# Exercise details
Given the entries below, would you transcribe exactly the lines starting at the one with "وعن عدي بن حاتم" and ending at the one with "- 【J0061】 光りが流れる Micro USB ケーブル ブラック×パープル", both kept, pictures omitted, nothing extra?

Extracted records

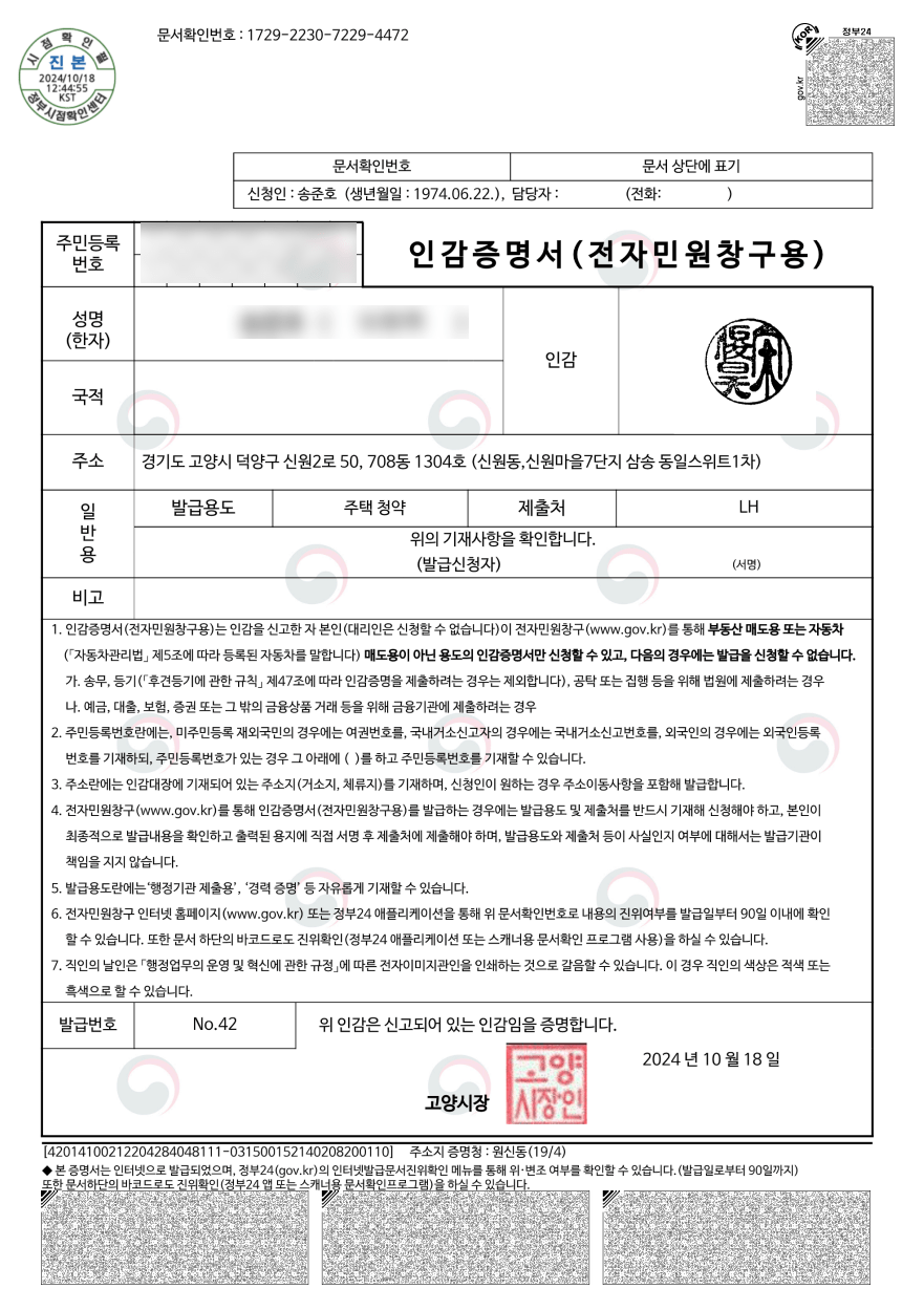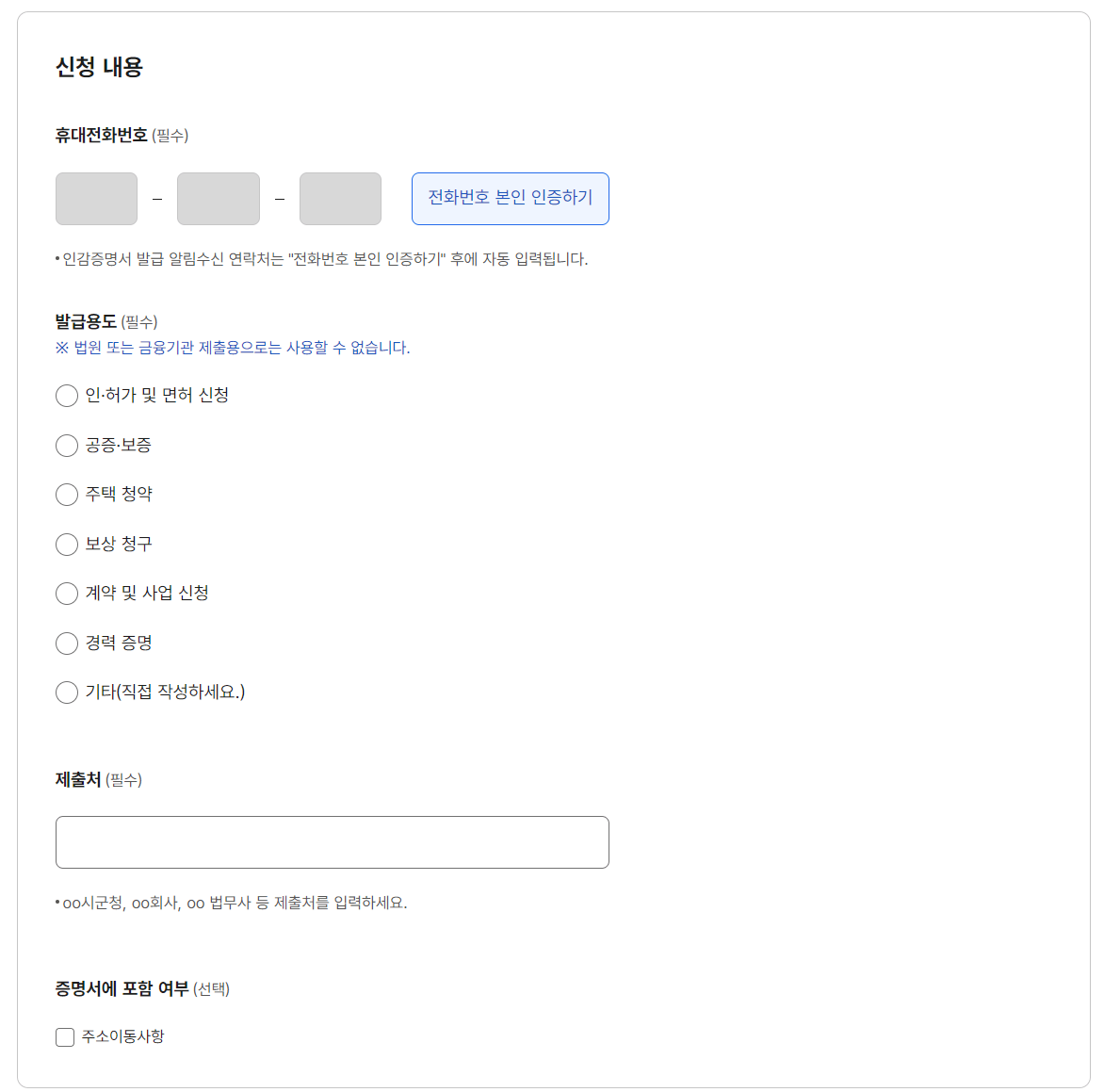 ** 법원(부동산등기, 채권담보설정, 공탁)이나 금융기관(대출신청)에 제출하는 용도는 이전처럼 행정복지센터를 방문하여 발급받아야 합니다.
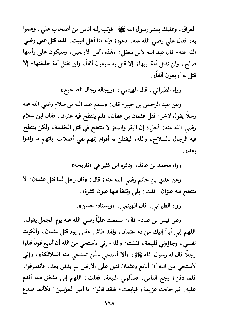 وعن عدي بن حاتم رضي الله عنه؛ قال: "قال رجل لما قتل عثمان: لا ينتطح فيه عنزان. قلت: بلى وتفقأ فيها عيون كثيرة".
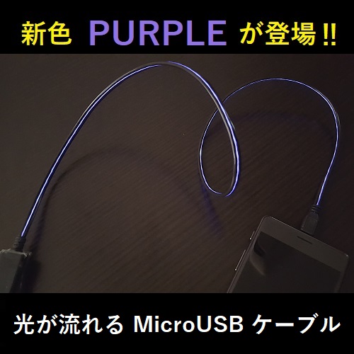 - 【J0061】 光りが流れる Micro USB ケーブル ブラック×パープル
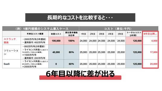 近年、システム開発での課題解決として、SaaS導入の風潮が大きくなっているように見受けられます。しかし、これが本当に正しい判断であるかどうかを検討するために、SaaS・ソリューション・スクラッチ開発のメリット・デメリットを経済的観点から分析したところ、6年目以降に差が生じることが分かりました。
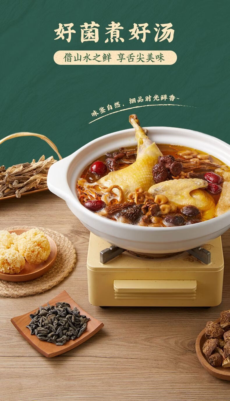 慢火低温烘干,锁住菌菇鲜香;原色原味;鲜香味浓
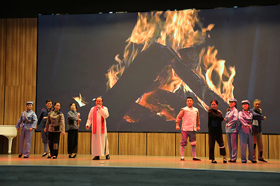 演出圍繞“山河記”“英雄豐碑”“傳承之路”三大篇章漸次展開。舞臺上的銀發表演者平均年齡65歲,卻以飽滿的熱情,將烽火歲月中的故事一幕幕重現。
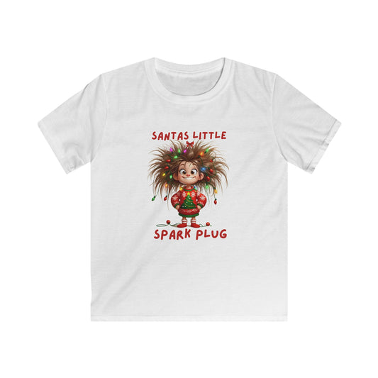 Santa's Little Spark Plug Kids Tee, Fun Holiday T-Shirt for Kids, Christmas Gift, Playful Kids Apparel, Cute Kids Clothing
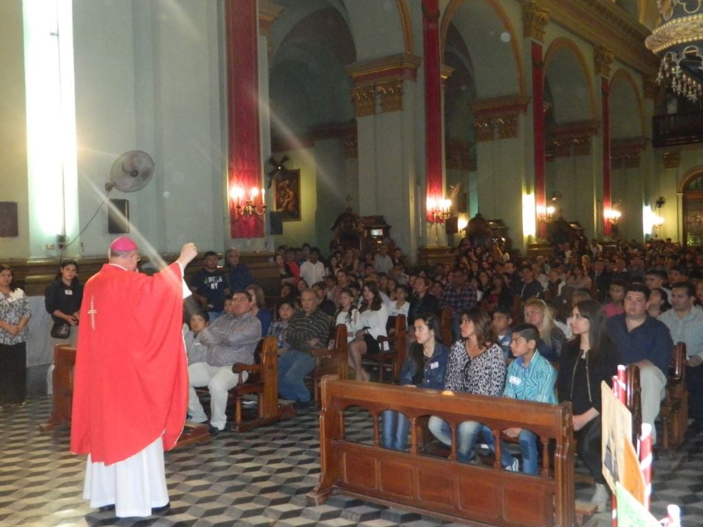 En su homilía, el Obispo felicitó a los presentes por compartir esta gran fiesta como comunidad y en la casa de la Madre del Valle. Mantuvo un diálogo fluido con los jóvenes, mientras les explicaba las Escrituras y los alentó a ser miembros activos y responsables de su parroquia. También los animó a utilizar la tecnología para rezar y evangelizar, sacando su teléfono para compartirles una reflexión sobre las cruces en los lugares de trabajo.
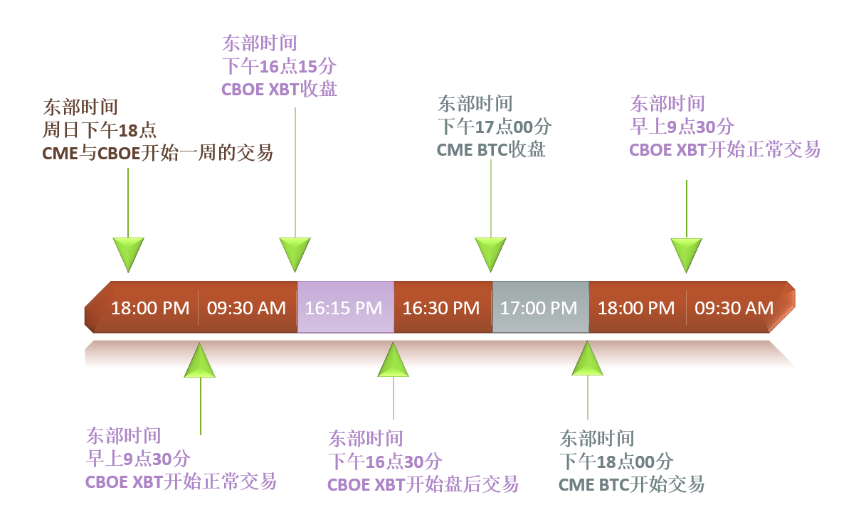 每天的正常交易时间为东部时间 9点30分至下午4点15分,盘后交易从周日下午6点开始,直到周一早上6点30分。其中,每天下午4点15分收盘后,将会休盘15分钟至4点30分重新开始交易 – 也就是说, CBOE的比特币期货可交易23小时45分钟!
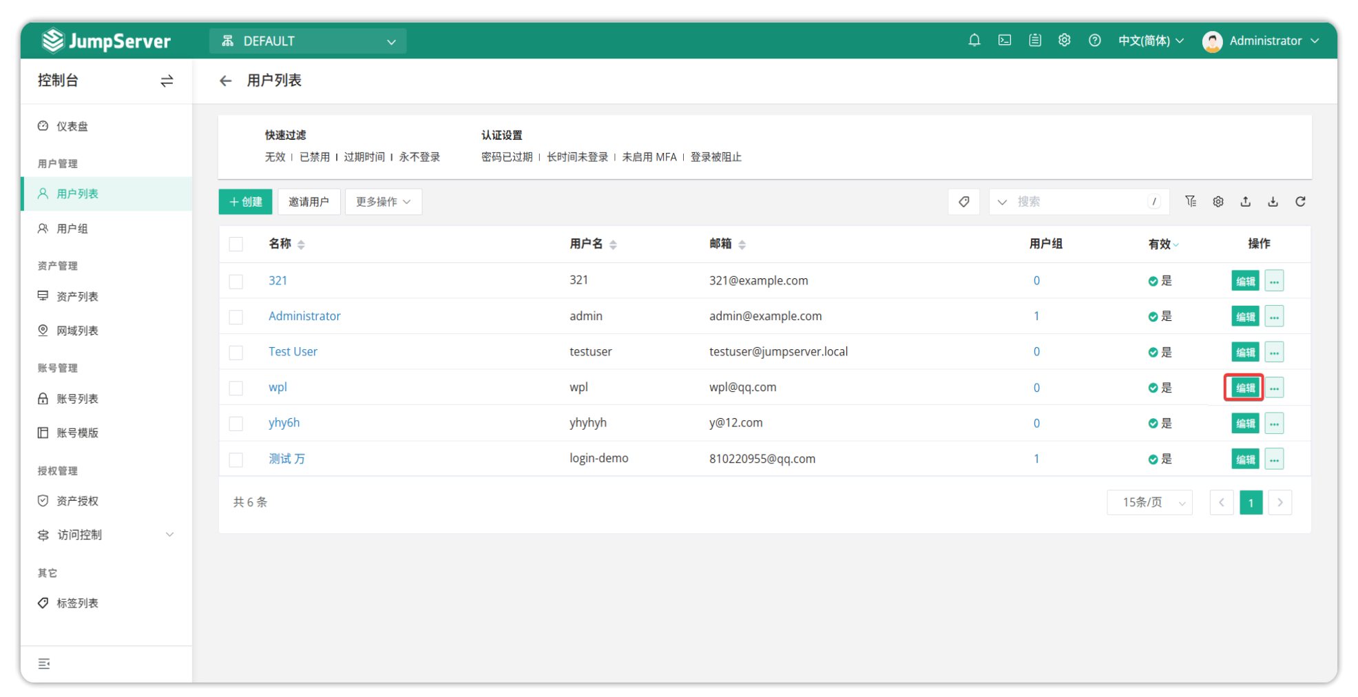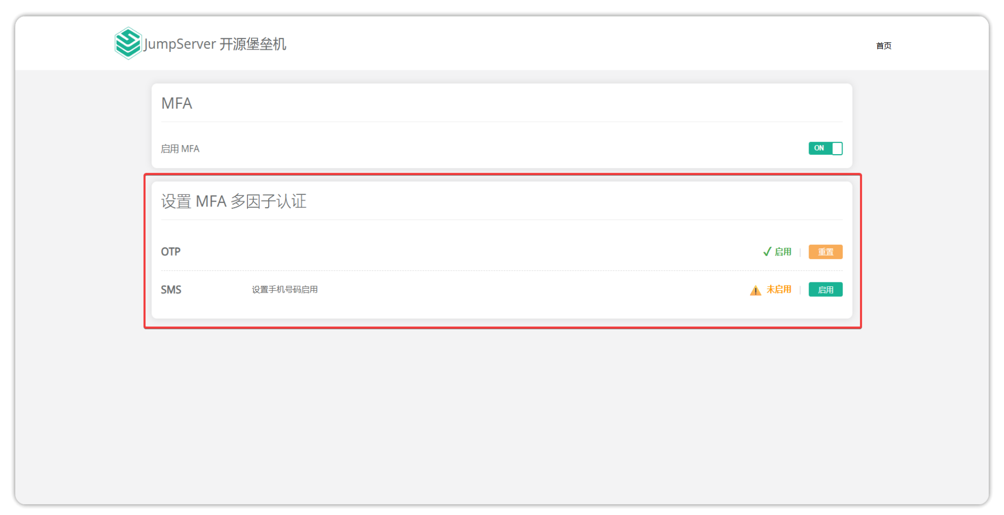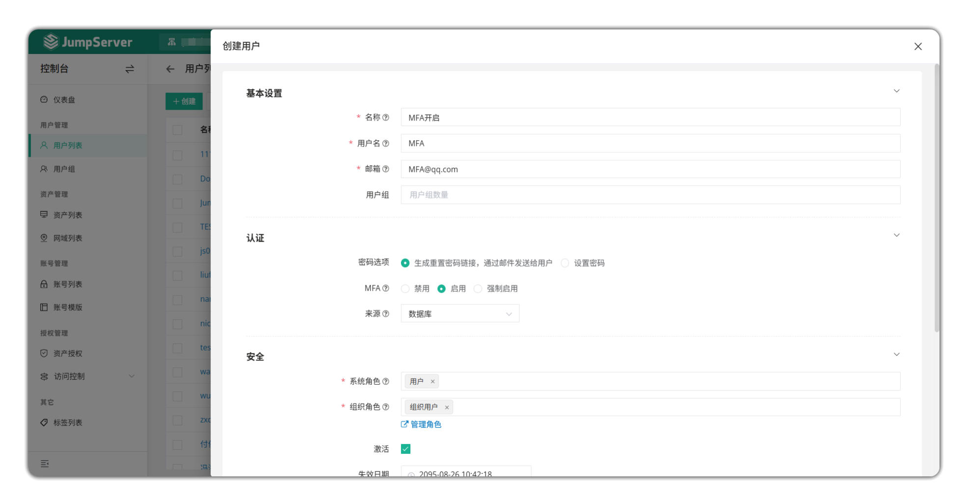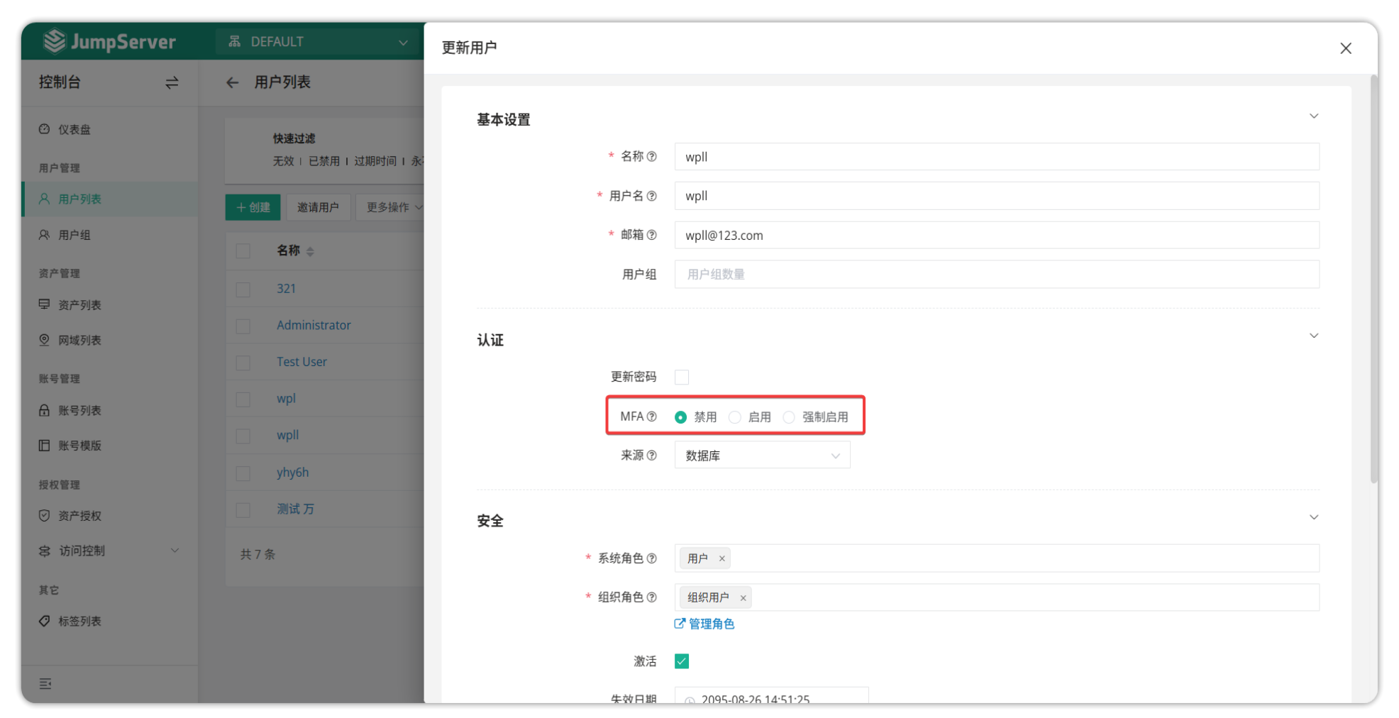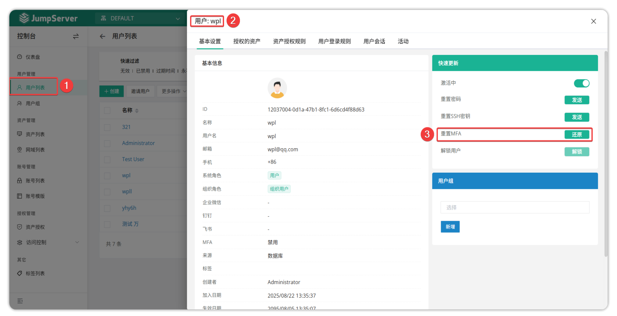 JumpServer 也支持通过堡垒机后台服务器重置用户的 MFA。
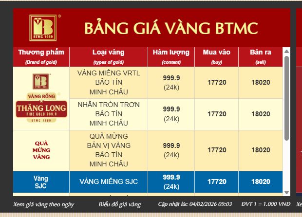 Cập nhật lúc 9:00 ngày 4/2 giá vàng trong nước, vàng nhẫn:
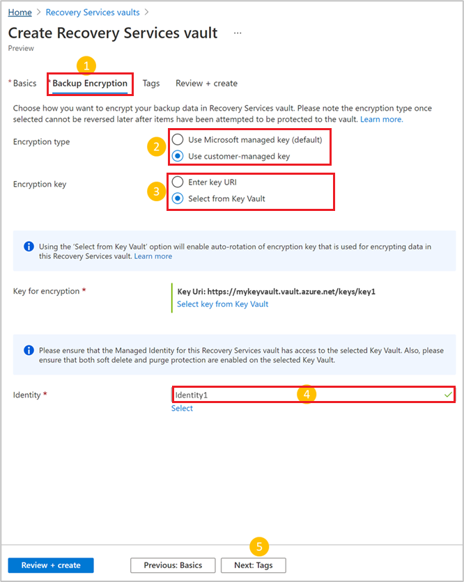 - Assigned permissions to your Recovery Services vault (or the user-assigned managed identity) to access encryption keys from your key vault.
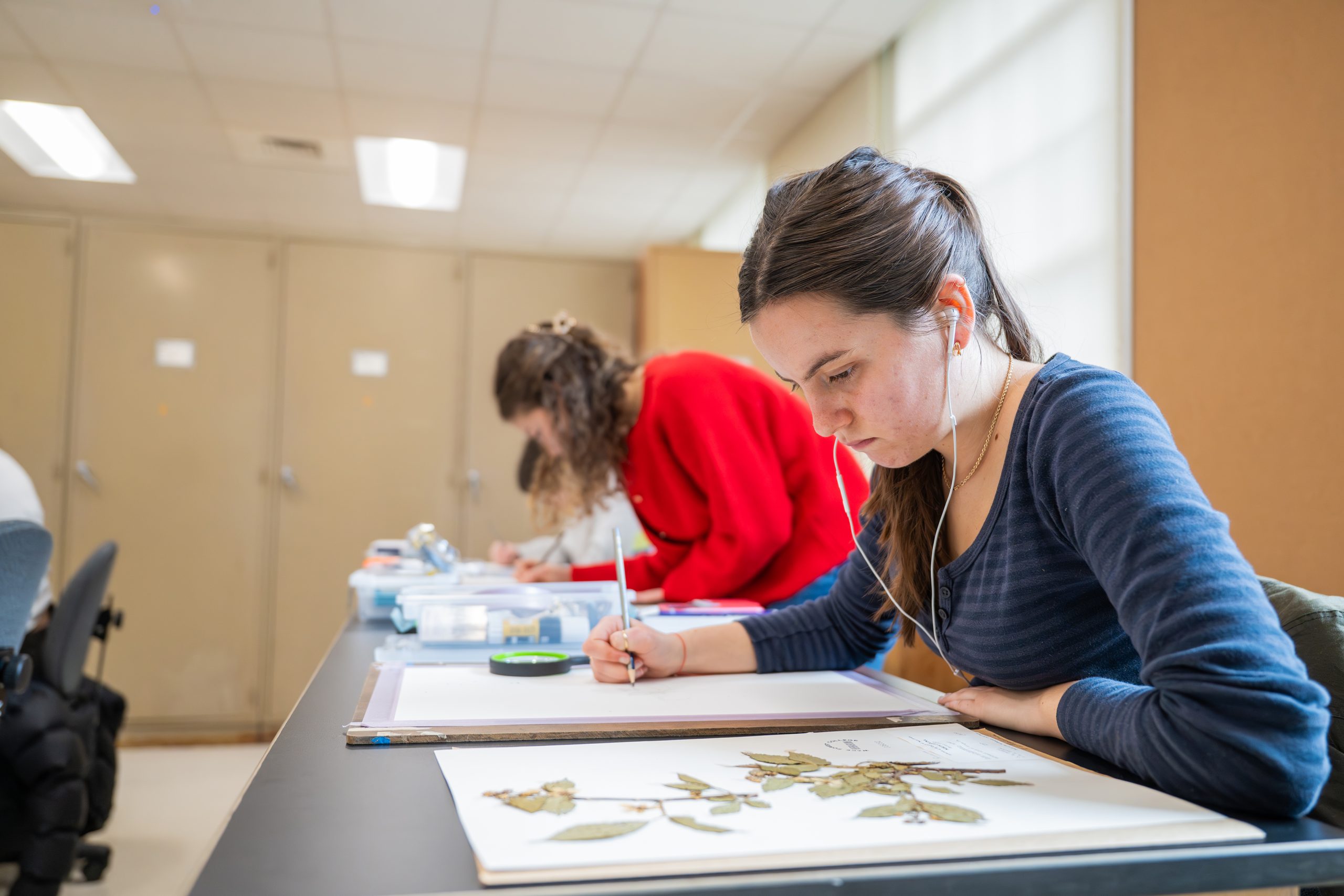 Information Systems is pleased to host Botanical Bridges: Observation and Invention, an art exhibit featuring student works from Professor Lydia Smith’s Spring 2026 Life Drawing (ART 218) class. Inspired by the Wake Forest University Herbarium and its intriguing collection of plant specimens, Professor Smith’s students created and personally framed each of the twenty-four watercolor and colored pencil drawings in the exhibition. Through a Wake The Arts grant-funded initiative, the works are on view now at The Bridge (atrium level of ZSR) through Spring 2027. An opening reception will be held on Friday, April 17, from 2 to 4 p.m. at The Bridge.

# Task output
 وعن عدي بن حاتم رضي الله عنه؛ قال: "قال رجل لما قتل عثمان: لا ينتطح فيه عنزان. قلت: بلى وتفقأ فيها عيون كثيرة".
 - 【J0061】 光りが流れる Micro USB ケーブル ブラック×パープル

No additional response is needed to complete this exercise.